The settlement-free Proxy worked well in the early days of the Internet, when the delineation between backbone networks and access networks post-NSFNET was still strong - when there were different networks with very similar business plans. As those lines blurred, and providers evolved their business plans to become a bit of CDN and a bit of transit and a lot of access, one became less able to identify like-networks with balanced traffic exchanges. The Internet community has opined that the settlement-free proxy is no longer informative. [Norton, The Folly of Peering Ratios ] [Netflix Open Internet Ex Parte at 1 ("Some large ISPs continue to attempt to justify access charges based on a ratio “imbalance” between downstream and upstream traffic. But these ratios are arbitrarily set and enforced and are not reflective of how ISPs sell broadband connections and how consumers use them. Traffic volumes are consistently and significantly greater downstream than upstream and ISPs who deliver traffic over the last mile can never be in balance with the networks that deliver video. ISPs typically do not sell symmetrical Internet connections to consumers.

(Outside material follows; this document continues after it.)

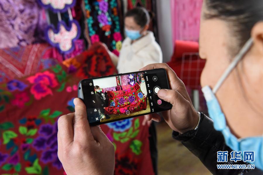 1月23日,在吉木萨尔县白泉村刺绣专业合作社,绣娘为客户拍摄订做的哈萨克族刺绣。

Even though ratio-based peering does not make much sense, edge providers and ISPs still have a mutual interest in interconnecting in a way that saves costs, maximizes efficient delivery of content to end users, and makes sure that the Internet continues to scale to meet consumer needs.")] [Letter from Bopp et al at 1 (noting that the interconnection ecosystem has evolved significantly since the 1990s, stating “traffic ratios are an outdated and misleading metric for determining equality and financial burden, and are not commonly considered in ‘good faith’ discussions between content and access providers seeking interconnection”)].